Dennison Tucker, the clinic's president, said the day Arndt stopped breathing, counselors believed she was going to harm herself.

Two weeks ago, he showed WCCO-TV's Heather Brown what he said the counselors did.

Tucker said there would be one person on either side of the child holding the top of her arm and shoulder.

"They'd be talking to you," Tucker said. "It's not like an aggressive thing. They'd be talking to you saying, you know, you need to calm down."

"I don't think if the hold was done right somebody would be dead because of it," Donna Pavlick said.

Donna Pavlick said the clinic had called often to say Arndt had been restrained.
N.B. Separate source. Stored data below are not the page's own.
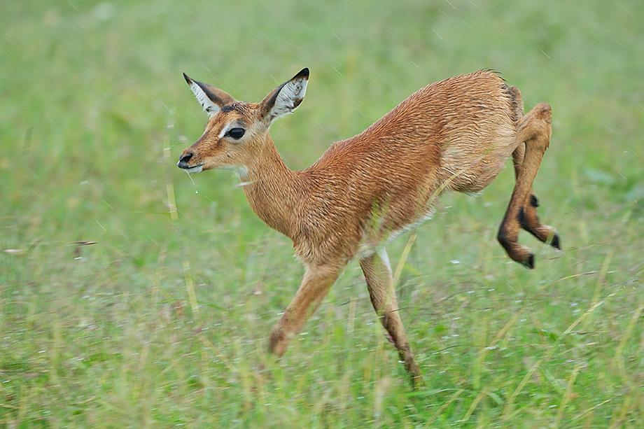 We were a little worried about this young impala when we first saw it all alone out on the Laikipia plains in Kenya. After galloping around in the rain for a bit, however, it ran toward a stand of trees where we saw what must have been mom, along with a few other adults.
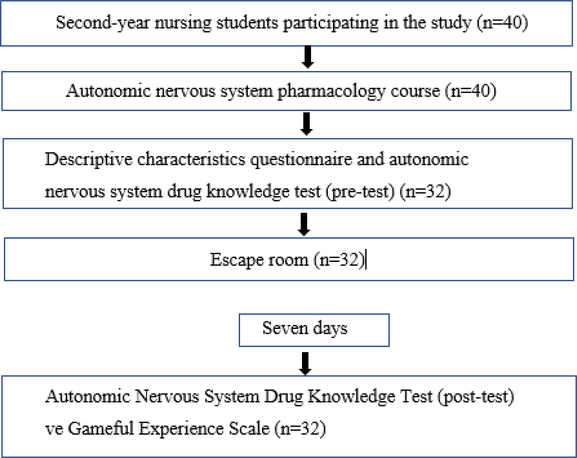 This study was conducted to evaluate the effect of an educational escape room on nursing students’ knowledge of autonomic nervous system pharmacology and their game experiences. To this end, the study addressed the following research questions: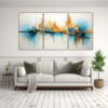 Este cuadro abstracto de una escena urbana en tonos azules y grises es perfecto para decorar tu sala de estar o estudio Colócalo sobre un sofá o un escritorio de madera para crear un contraste de texturas Combínalo con cojines y cortinas en tonos beige y gris para lograr una paleta de colores equilibrada Además, puedes añadir elementos decorativos en tonos verde azulado y coral para darle un toque de frescura y vitalidad a tu espacio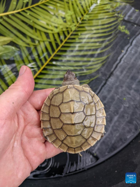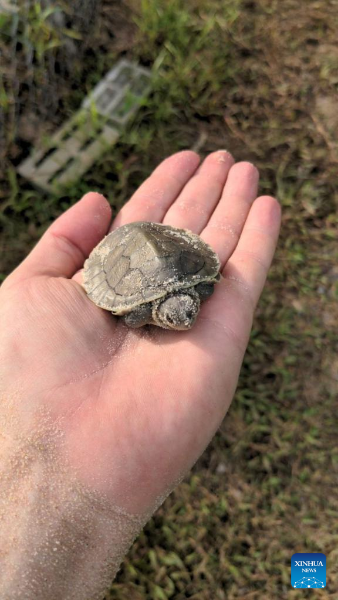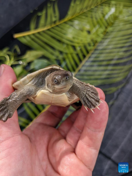 Photo taken on May 8, 2022 shows a rare Royal Turtle baby in Koh Kong province, Cambodia. Thirty nearly extinct Royal Turtle babies hatched in an artificial sandbank at the Koh Kong Reptile Conservation Center (KKRCC) in southwest Cambodia's Koh Kong province last week, a conservationist group said on Friday.(WCS/Handout via Xinhua)
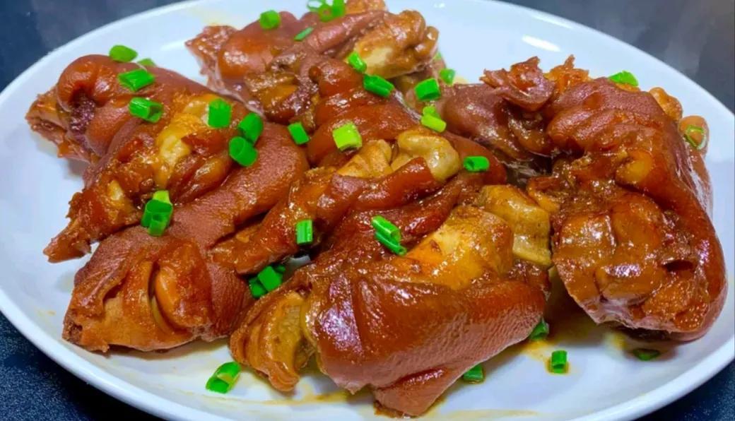 - 大火燒開後轉小火慢燉 1.5 - 2 小時,直至豬蹄軟爛,用筷子能輕鬆插入。繼續讓豬蹄在滷汁中浸泡 1 - 2 小時,入味後撈出。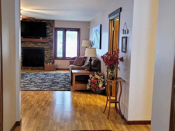 Check out this 4bd/3ba home w/nearly 2ac on Island Lake. This spacious one level home has many amazing updates throughout the already stunning property. The kitchen has beautiful granite countertops, pullout cabinets, & pantry. The appliances & thermostats are "Smart", including a fingerprintless stainless steel fridge, double wall oven, dishwasher, & gas cooktop. The large master suite has 2 walk-in closets, & a private bathroom with roll-in shower. 3 additional bdrms are spacious & full of light & large closets, one bdrm is currently being used as an office. The Pella windows with blinds inside provide so much natural light throughout the home. The cozy family room has a welcoming stone fireplace with doors leading out to the patio that overlooks the lake. Attached heated 3 car garage & large pole building provide ample amounts of storage. There are lots of outside "new", including new siding, gutter system, and a new blacktop driveway, just to name a few. This is a must see!!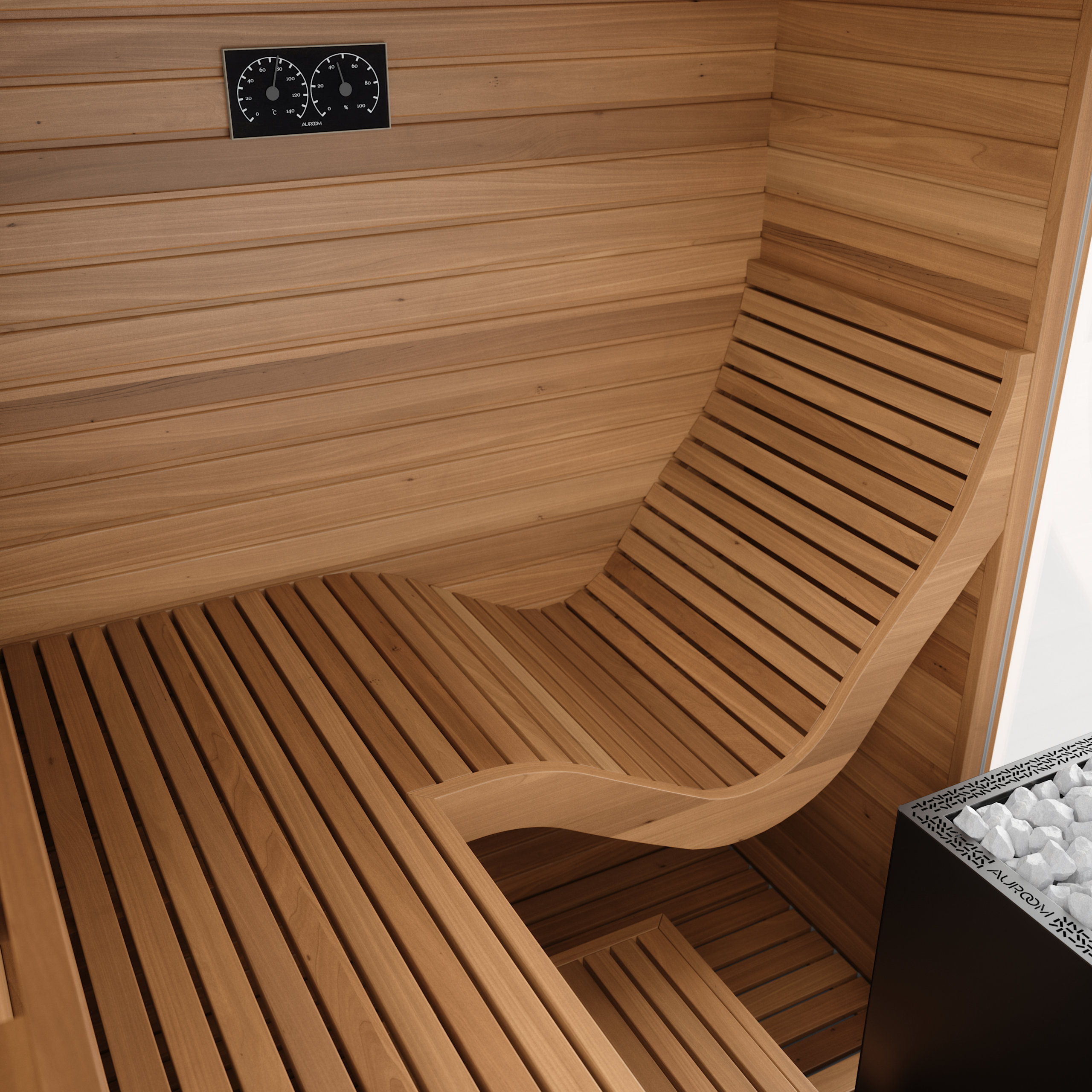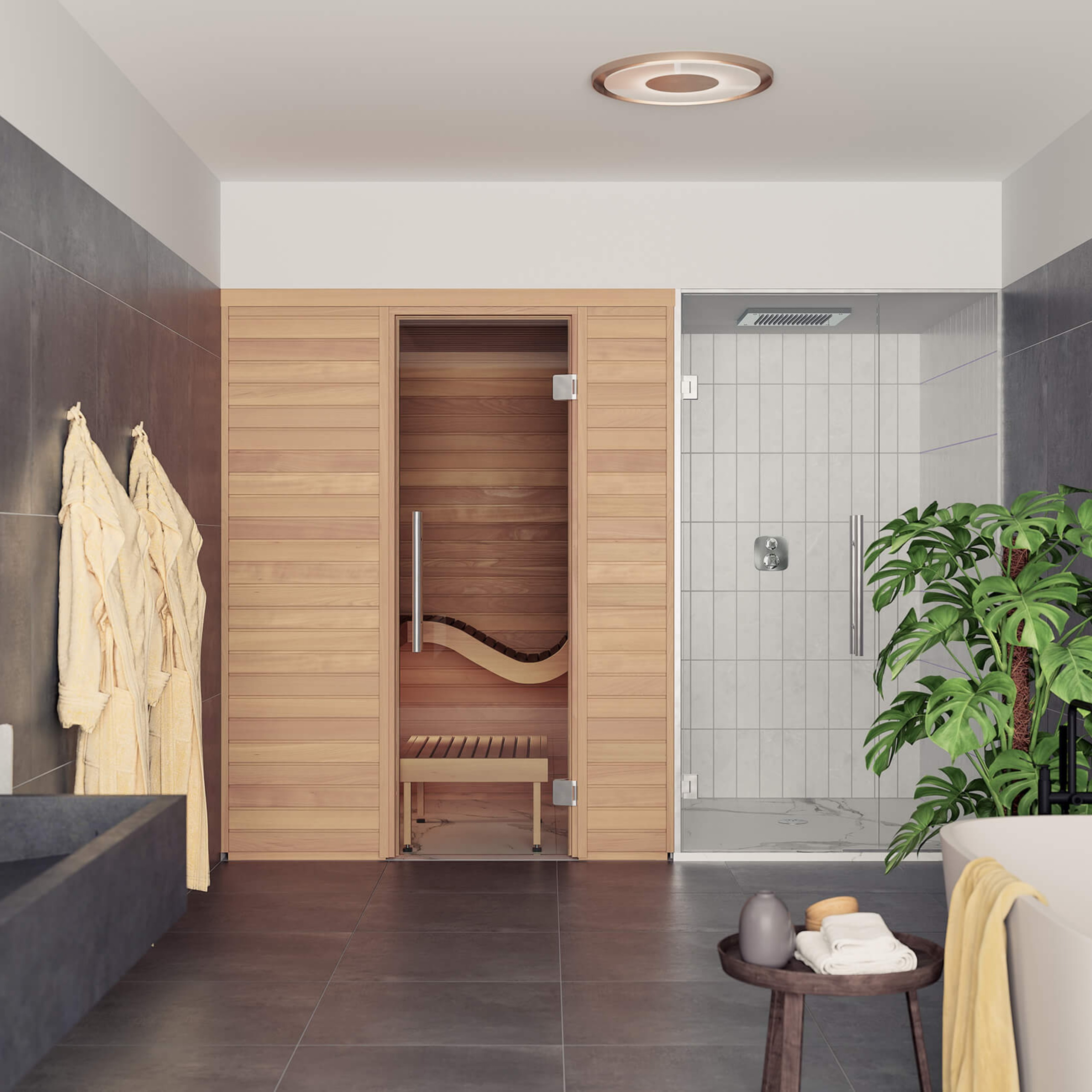 A compact sauna with curved seating for superior comfort in small spaces. Available in Glass, Glass Corner, and Wood designs, Baia balances efficiency, craftsmanship, and style.
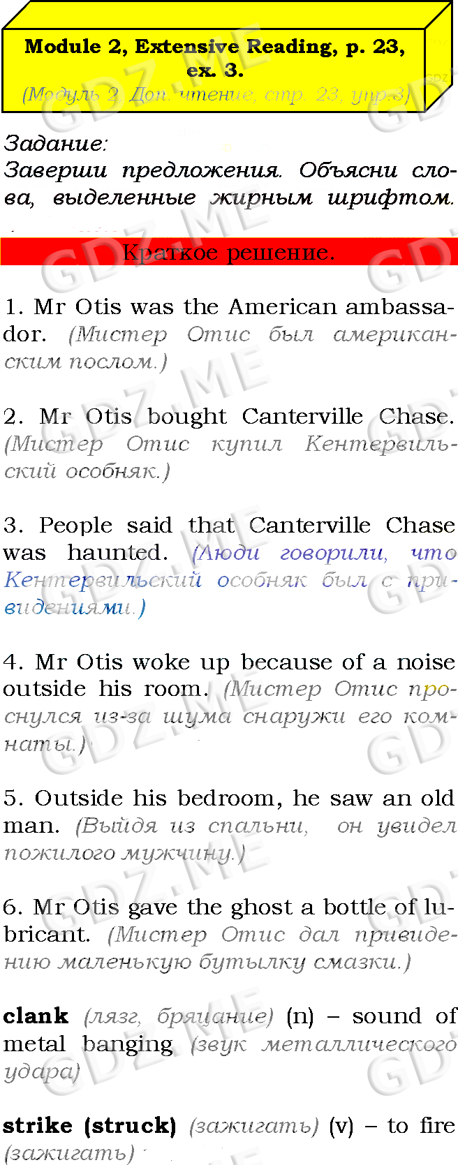 Подробный вариант решения из решебника (ГДЗ): Страница номер 23-2-3 (Module 2. Tale time. Страница 23) по предмету Английский язык, за 7 класс, авторы учебника Ю.Е. Ваулина, Д. Дули, О.Е. Подолянко, В. Эванс.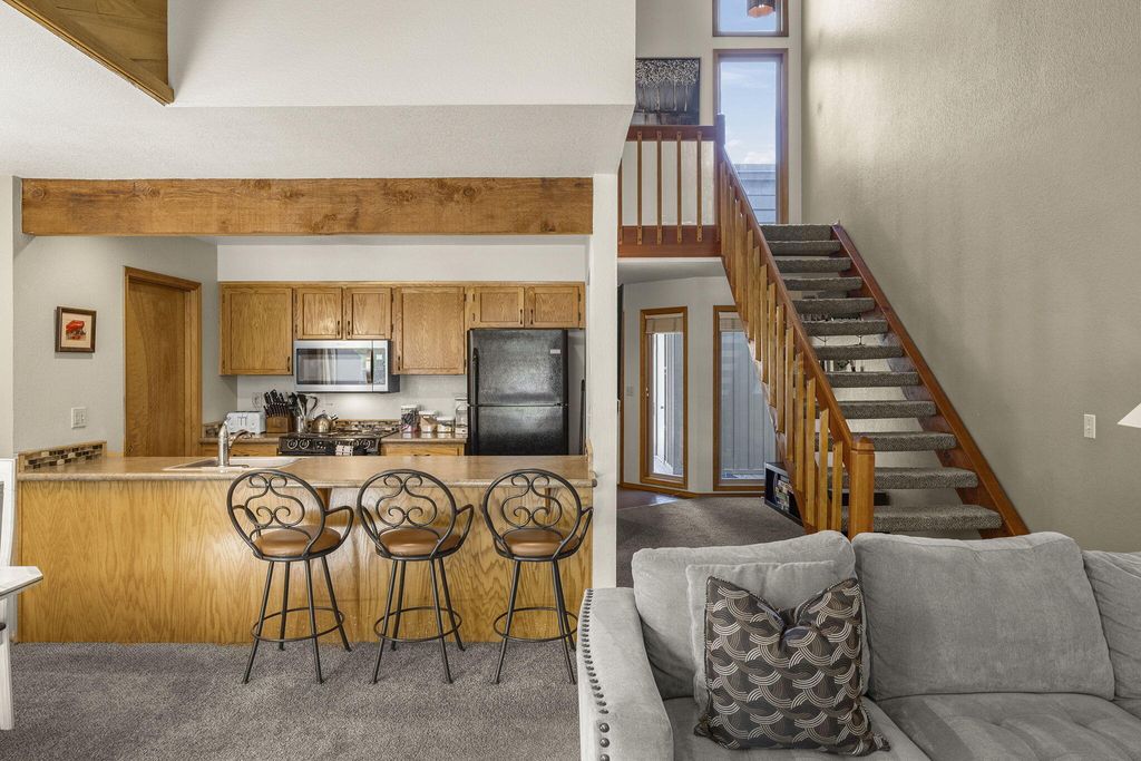 Warm and inviting, this beautifully curated Quelah condo captures the essence of Sunriver living with rich wood accents, exposed beams, and soaring vaulted ceilings that create an open, airy feel. The light-filled 3-bedroom, 2-bath layout offers a seamless flow, centered around a cozy living room with a fireplace--perfect for relaxing after a day of adventure. The kitchen is both functional and welcoming, featuring bar seating for casual dining or entertaining. Step out onto the private deck off the main living space to enjoy the peaceful setting and fresh Central Oregon air. Privately tucked within the community yet just moments from Sunriver's shops, dining, and recreation. Quelah owners enjoy access to a private pool and tennis courts, completing the resort-style lifestyle. Come see it for yourself!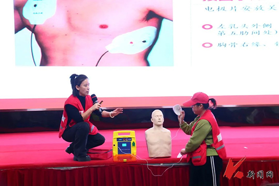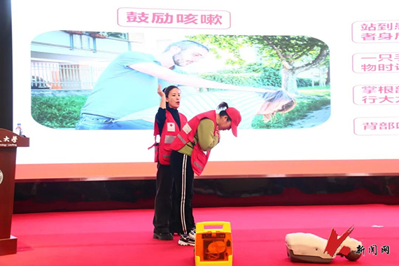 鞍山市紅十字會應急救護師劉亞納為同學們分別介紹了家庭中一些常見急癥,氣道異物梗阻以及心搏驟停等意外情況,并與紅十字會其他講師一同示范了背部叩擊法、腹部沖擊法,模擬演練了心肺復蘇,以及AED除顫儀的使用等急救手段。講師們和同學們分為4組進行了緊急救護實操演習,大家紛紛運用所學知識進行急救訓練。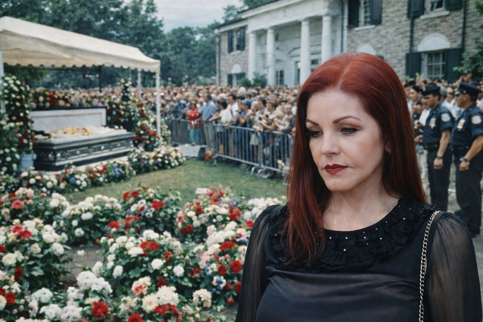 According to PRISCILLA PRESLEY, the public funeral left the family emotionally exposed. Crowds moved through the house. Strangers cried openly. The noise never stopped. The walls that once protected family memories could no longer shield their loss.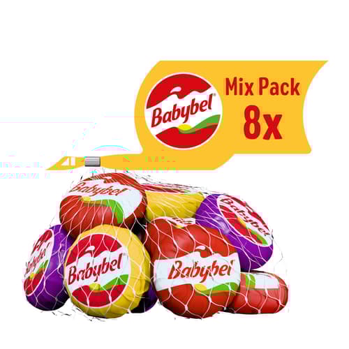 Mini Babybel Mix Netz Schnittkäse, Cheddar & Emmentaler Geschmack - 8er Pack

One week the clinic her called three times.

The Pavlicks had a meeting scheduled to talk about it, which was set up for two weeks after Arndt died.

"That was something we want to question because it seemed like she was getting put in an awful lot of holds for behavior we had never seen at home," Donna Pavlick said.

Arndt's stay at the clinic was supposed to last only until she started first grade in another couple of months. She had been there 30 days.

"It's not fair. You think, 'Why did this have to happen?'" Daniel Pavlick asked. "She had everything going in the right direction. She'd been through enough in her childhood. Why this now?"

The state of Wisconsin is still investigating this case. Two of the biggest questions are if the counselors did the hold appropriately and should it have been done in the first place.

Rice Lake Police said it could be another three weeks before investigators and prosecutors decide if there will be any charges.